WORK REQUEST |
Below are some records. Print exactly the lines between the one holding "Alle Teilnehmer des" and the one holding "Heurigenrestaurant HABE D'ere", inclusive, and nothing else.

RECORDS FOR THIS TASK |

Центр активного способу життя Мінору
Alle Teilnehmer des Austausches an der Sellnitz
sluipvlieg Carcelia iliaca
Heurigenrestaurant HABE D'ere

---

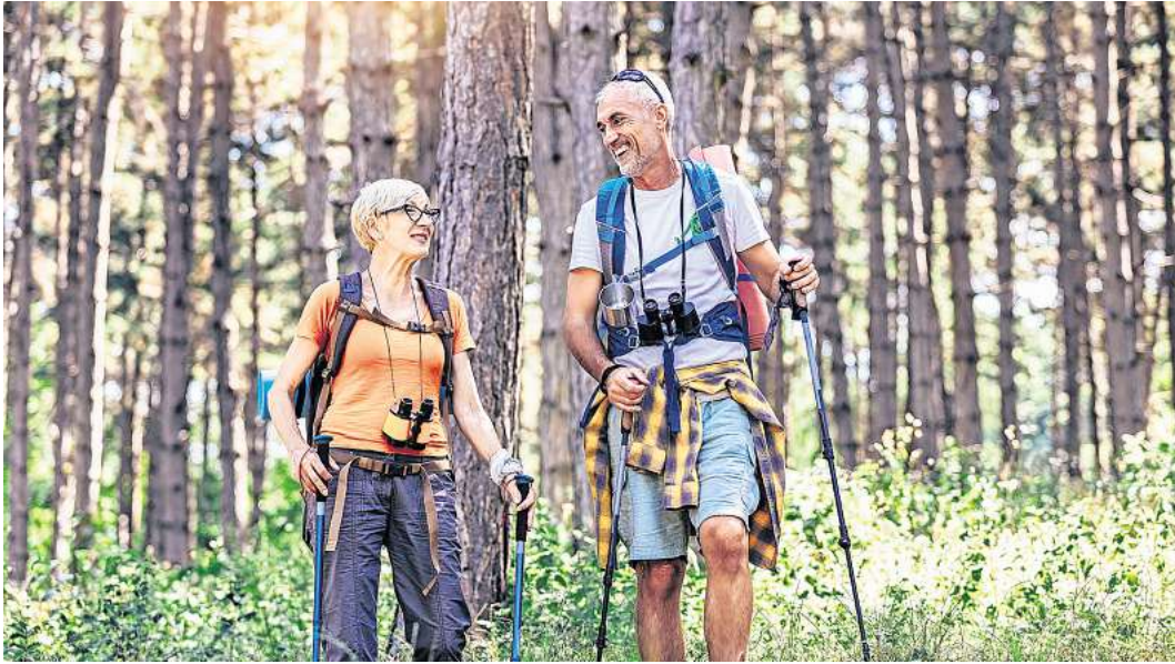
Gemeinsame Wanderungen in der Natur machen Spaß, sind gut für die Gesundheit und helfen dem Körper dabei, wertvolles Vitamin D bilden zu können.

RESPONSE TO THIS TASK |
Alle Teilnehmer des Austausches an der Sellnitz
sluipvlieg Carcelia iliaca
Heurigenrestaurant HABE D'ere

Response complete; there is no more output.